Data extracts below:
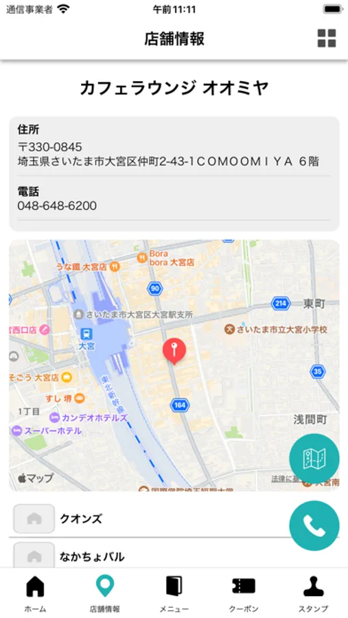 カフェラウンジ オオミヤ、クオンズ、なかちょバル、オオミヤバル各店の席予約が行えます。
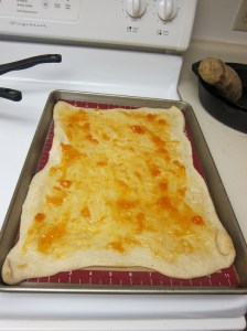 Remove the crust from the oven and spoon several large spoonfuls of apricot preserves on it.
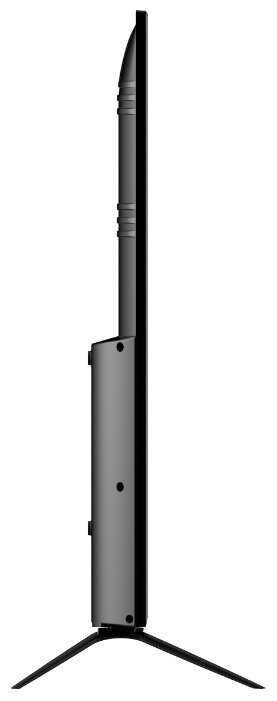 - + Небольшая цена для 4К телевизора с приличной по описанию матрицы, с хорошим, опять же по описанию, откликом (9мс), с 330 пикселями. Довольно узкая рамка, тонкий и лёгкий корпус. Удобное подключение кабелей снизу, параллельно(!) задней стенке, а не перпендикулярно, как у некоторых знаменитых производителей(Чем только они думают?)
End of Data extracts.
Data extracts below:
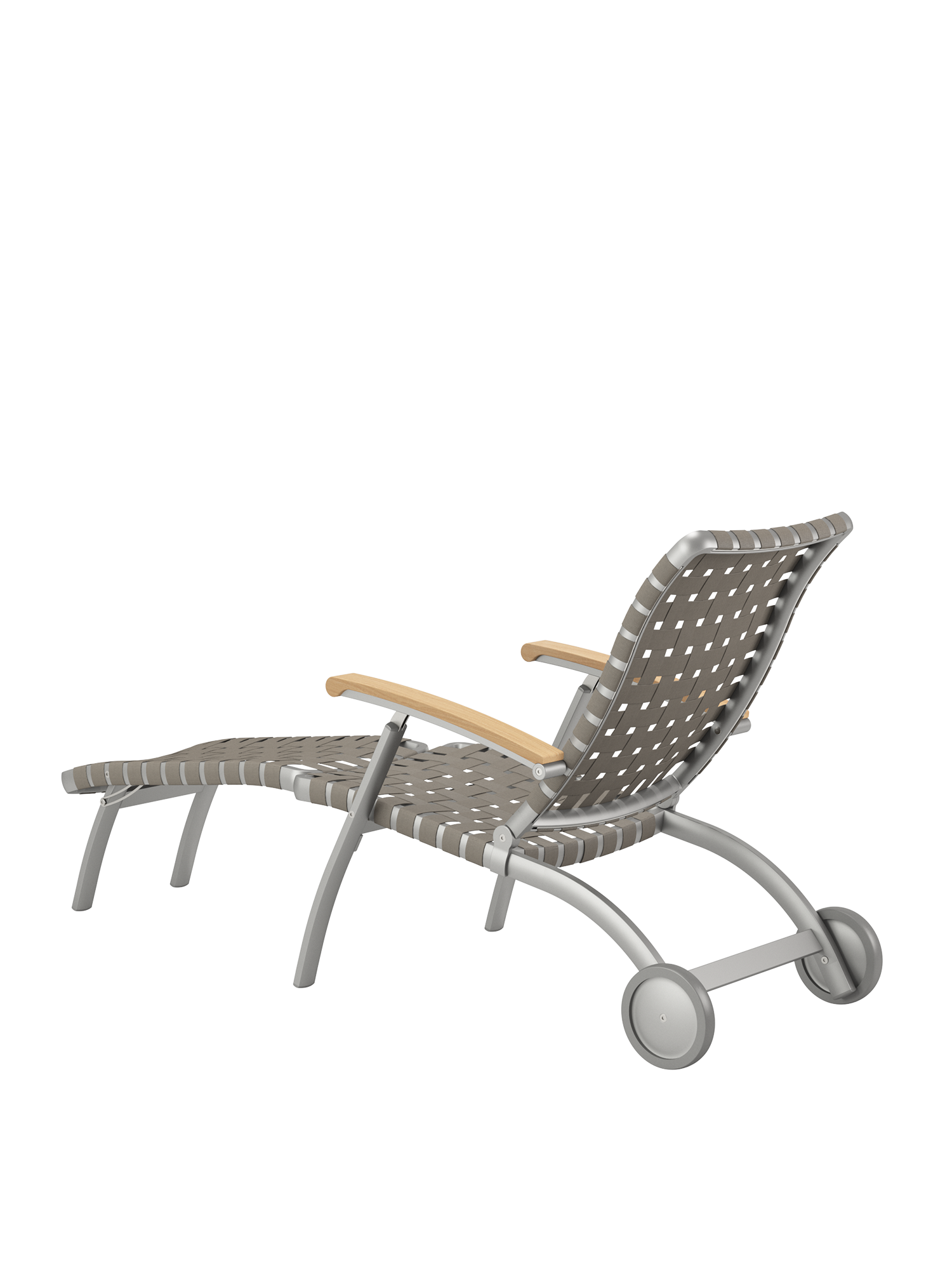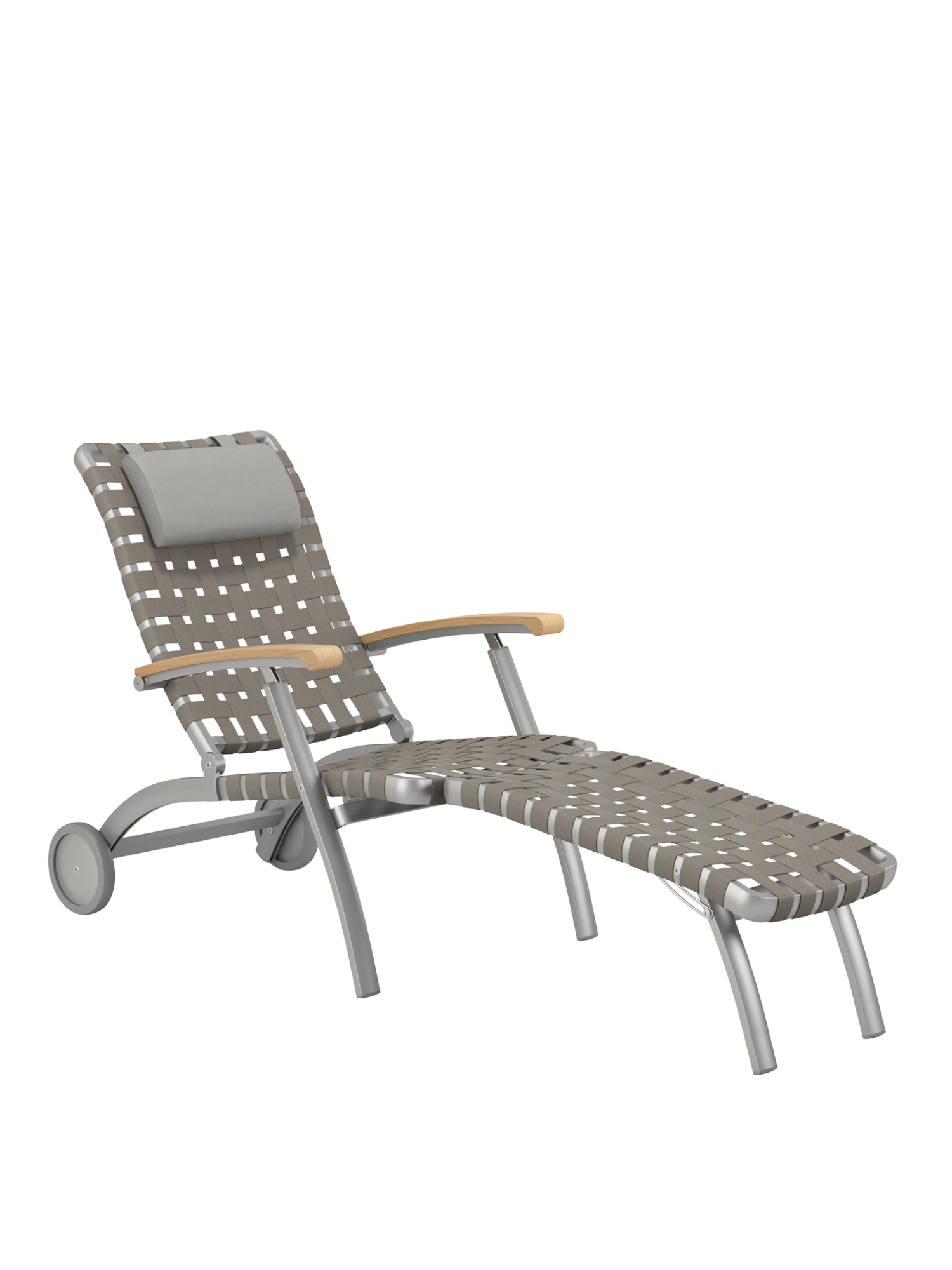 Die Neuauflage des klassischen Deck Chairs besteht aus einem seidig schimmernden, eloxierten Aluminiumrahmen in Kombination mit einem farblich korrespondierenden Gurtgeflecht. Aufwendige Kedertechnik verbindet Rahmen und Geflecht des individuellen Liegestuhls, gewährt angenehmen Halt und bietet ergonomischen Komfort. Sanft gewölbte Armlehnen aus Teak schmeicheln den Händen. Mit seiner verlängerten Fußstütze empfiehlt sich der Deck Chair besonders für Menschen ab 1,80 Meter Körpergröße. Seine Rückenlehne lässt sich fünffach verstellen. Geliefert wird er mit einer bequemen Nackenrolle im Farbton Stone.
End of Data extracts.
Data extracts below:
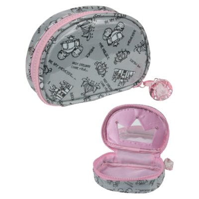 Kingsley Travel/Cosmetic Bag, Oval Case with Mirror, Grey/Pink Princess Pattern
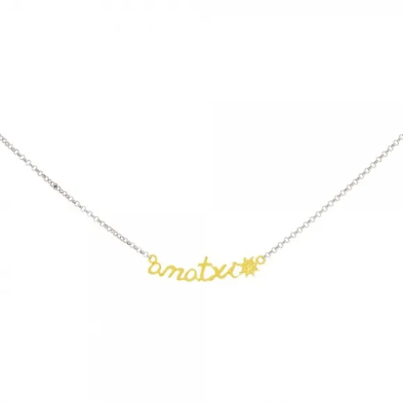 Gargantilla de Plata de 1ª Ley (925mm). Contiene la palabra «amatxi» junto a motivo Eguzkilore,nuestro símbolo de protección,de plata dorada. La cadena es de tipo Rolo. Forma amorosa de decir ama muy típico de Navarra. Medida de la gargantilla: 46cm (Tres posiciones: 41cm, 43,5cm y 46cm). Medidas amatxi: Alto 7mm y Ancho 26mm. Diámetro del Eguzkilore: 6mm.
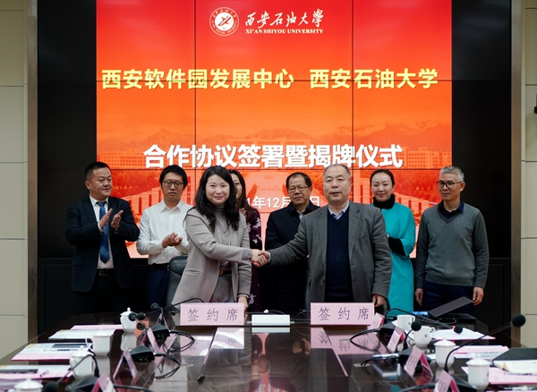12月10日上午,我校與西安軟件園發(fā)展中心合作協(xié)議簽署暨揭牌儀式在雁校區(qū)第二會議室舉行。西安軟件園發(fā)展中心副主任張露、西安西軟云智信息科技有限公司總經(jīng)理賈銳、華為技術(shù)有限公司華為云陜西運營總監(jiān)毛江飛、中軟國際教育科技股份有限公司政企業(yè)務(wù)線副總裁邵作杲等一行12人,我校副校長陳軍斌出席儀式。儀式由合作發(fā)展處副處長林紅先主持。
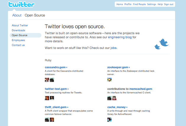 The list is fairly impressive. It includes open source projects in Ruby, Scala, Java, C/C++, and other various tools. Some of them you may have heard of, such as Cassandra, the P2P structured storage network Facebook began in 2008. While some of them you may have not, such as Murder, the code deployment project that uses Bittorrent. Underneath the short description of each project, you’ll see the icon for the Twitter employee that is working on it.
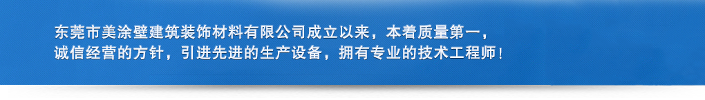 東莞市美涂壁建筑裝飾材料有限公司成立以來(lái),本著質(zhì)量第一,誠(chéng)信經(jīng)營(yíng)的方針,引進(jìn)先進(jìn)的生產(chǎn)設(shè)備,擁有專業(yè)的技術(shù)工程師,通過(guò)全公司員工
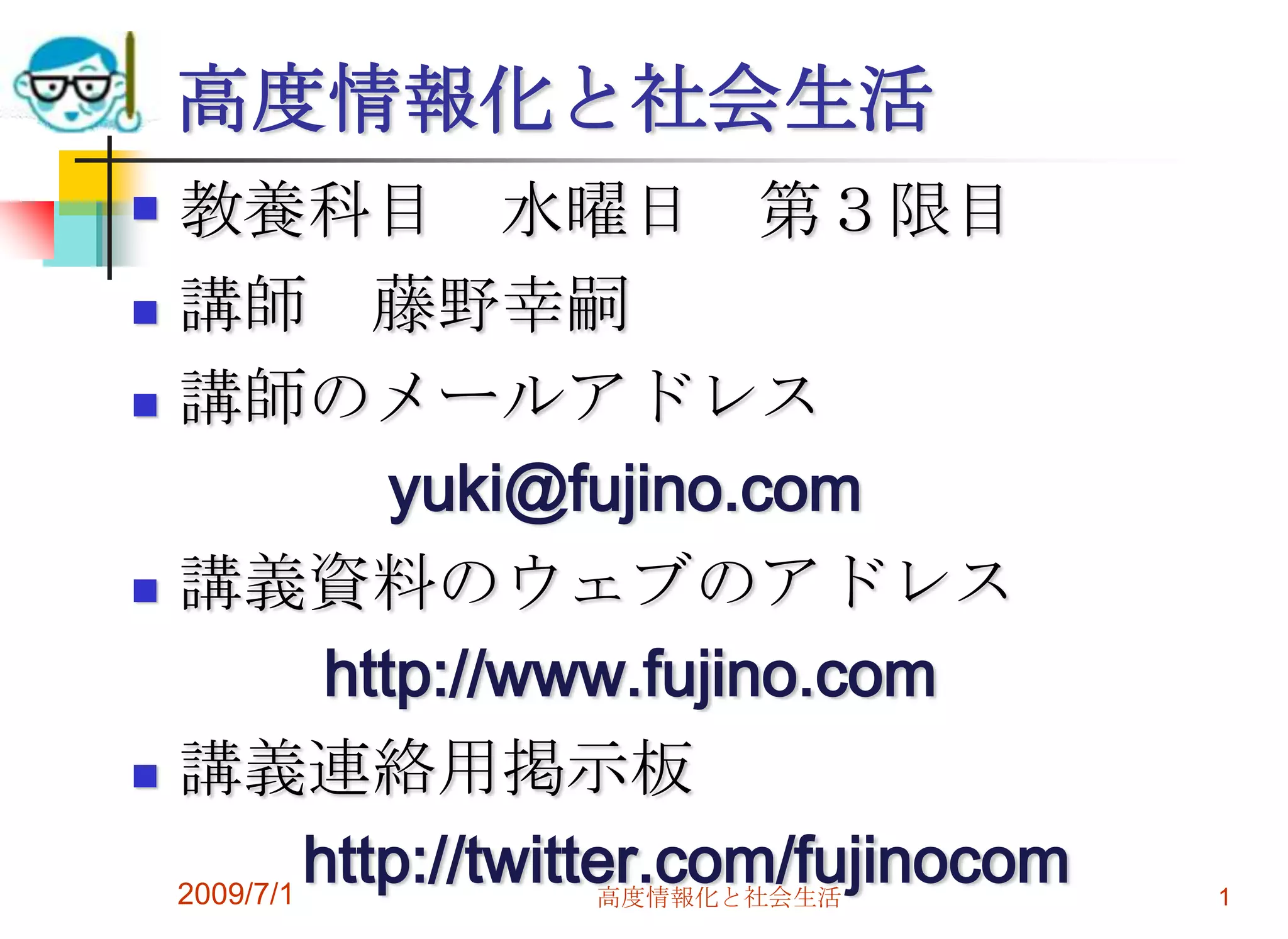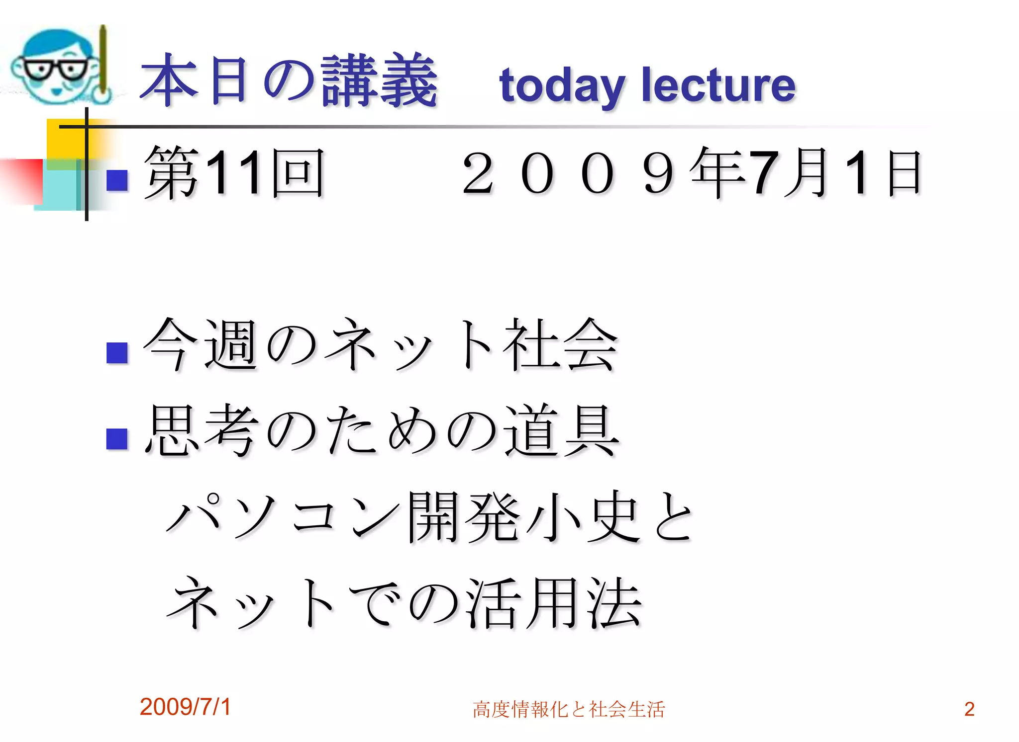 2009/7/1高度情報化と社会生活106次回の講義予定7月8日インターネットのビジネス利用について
End of Data extracts.
■ What the task asks ■
With the pictures omitted, copy exactly the lines of the listing above starting at the line containing "カフェラウンジ オオミヤ、ク" and ending at the line containing "- + Небольшая", both included.

■ The completed task ■
 カフェラウンジ オオミヤ、クオンズ、なかちょバル、オオミヤバル各店の席予約が行えます。
 Remove the crust from the oven and spoon several large spoonfuls of apricot preserves on it.
 - + Небольшая цена для 4К телевизора с приличной по описанию матрицы, с хорошим, опять же по описанию, откликом (9мс), с 330 пикселями. Довольно узкая рамка, тонкий и лёгкий корпус. Удобное подключение кабелей снизу, параллельно(!) задней стенке, а не перпендикулярно, как у некоторых знаменитых производителей(Чем только они думают?)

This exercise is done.